A further slowing in growth
After (unrevised) growth of 1.1% in the March quarter, growth of 0.5% in Q2 with the known 0.9% drag from net exports was a more than respectable outcome. Headline growth was a tad above the 0.4% consensus and our own 0.2% call.
After (unrevised) growth of 1.1% in the March quarter, growth of 0.5% in Q2 with the known 0.9% drag from net exports was a more than respectable outcome. Headline growth was a tad above the 0.4% consensus and our own 0.2% call. It would be a relief for the RBA, with annual growth of 3.1% virtually right on their 3% forecast published in the August Statement on Monetary Policy.
There has also been some improvement in the near term outlook for growth with a better start to Q3 appearing from what we’ve seen from the likes of business and consumer confidence, hints of better consumer spending and a solid pipeline of dwelling investment activity ahead.
The complexion of the growth story in Q2 looks to have been as expected. That is, sluggish (but thankfully not negative) household consumption of 0.5%, flat underlying business investment, good growth of 3.2% in dwelling investment spending, the sizeable 0.9% net exports drag offset by higher non-farm inventories.
On the consumer side, despite the 0.2% decline in retail trade volumes, most categories of household consumption rose in the quarter and the household savings ratio at 9.4% has hardly budged this past year. High consumer spending came despite tepid growth in incomes, with average non-farm compensation per employee growing just 0.3% in Q2, up 2.4% over the course of 2014/15. Wages growth has been softening incrementally but labour demand indicators suggest some modest pick-up in employment growth which together should see some continued, if unspectacular, contribution to growth from consumption.
Underlying business investment was virtually flat in Q2 (-0.3%), down 4.4% over the four quarters both from defensive confidence and focus on managing cash flows efficiently, rather than an expansive mood. Resource investment has also been wound back with more declined to come. Domestically-based investment is showing signs of recovering somewhat based on our own NAB Business Survey and the Statistician’s Q2 Capex survey.
Unit labour costs are flat over the past year, capping wages as a source of inflation.
One sector that has increased its contribution to growth is dwelling investment that rose 3.2%/9.5%, contributing 0.4% points to growth this past year. The build pipeline remains strong and we look for a solid contribution through this current half and into 2015.
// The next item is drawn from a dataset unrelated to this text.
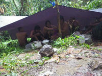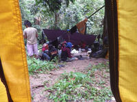 さ、さむい。みんなで震えながら、テントの下で固まっていた。

On the income side of the national accounts, something more akin to the economy’s cash flow, the terms of trade decline has seen no growth in nominal GDP in Q2 and growth of 3.3% over the course of 2013/14, no faster than the real economy. This is the slowest growth in nominal GDP since the GFC and before then the early 1990’s recession. Further prospective declines in the terms of trade through this half based on the decay of the bulk resource commodity price will continue to restrict growth in incomes and ultimately act as some growth retardant for households, business and government.
For now, growth in the economy in the second quarter has been marginally above consensus expectations and certainly above low to negative growth fears, including our own. Coupled with signs of improvement in high frequency indicators in the past month or two, today’s result and subsequent press coverage should help to bolster confidence levels.
Certainly the absence of any negative growth headlines is a plus, buying more time for the RBA to remain on hold as it monitors the still not yet secured transition toward more purposeful domestic demand and employment growth.
We retain our baseline view that the cash rate will remain unchanged well into 2015, with the next move by then more likely to be an increase.
We will be reviewing out medium term forecasts for the economy in the light of today’s outcomes, but bearing in mind the similar themes evident relative to our expectations, changes to forecasts based on our earlier 0.4% model forecast for Q2 are unlikely to be material.
That forecast outlook pointed to growth of 3-3¼% growth for this calendar year and next with approximately two thirds of the growth from net exports and one third from the domestic economy.